- _Task instructions_: Copy out again, unchanged, the listing below from the line that has "This page presents" through the line that has "Het personage uit".

- _Input for this task_:

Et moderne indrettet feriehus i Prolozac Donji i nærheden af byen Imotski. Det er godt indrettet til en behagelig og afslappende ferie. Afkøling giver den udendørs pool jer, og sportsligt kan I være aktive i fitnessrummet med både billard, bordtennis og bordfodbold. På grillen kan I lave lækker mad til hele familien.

* * *

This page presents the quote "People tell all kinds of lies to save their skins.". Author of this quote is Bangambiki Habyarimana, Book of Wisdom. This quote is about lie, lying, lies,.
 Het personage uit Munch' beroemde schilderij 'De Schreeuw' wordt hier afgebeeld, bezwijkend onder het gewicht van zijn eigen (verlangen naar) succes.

==

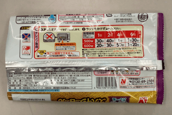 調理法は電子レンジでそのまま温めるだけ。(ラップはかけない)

- _Solution for this task_:
This page presents the quote "People tell all kinds of lies to save their skins.". Author of this quote is Bangambiki Habyarimana, Book of Wisdom. This quote is about lie, lying, lies,.
 Het personage uit Munch' beroemde schilderij 'De Schreeuw' wordt hier afgebeeld, bezwijkend onder het gewicht van zijn eigen (verlangen naar) succes.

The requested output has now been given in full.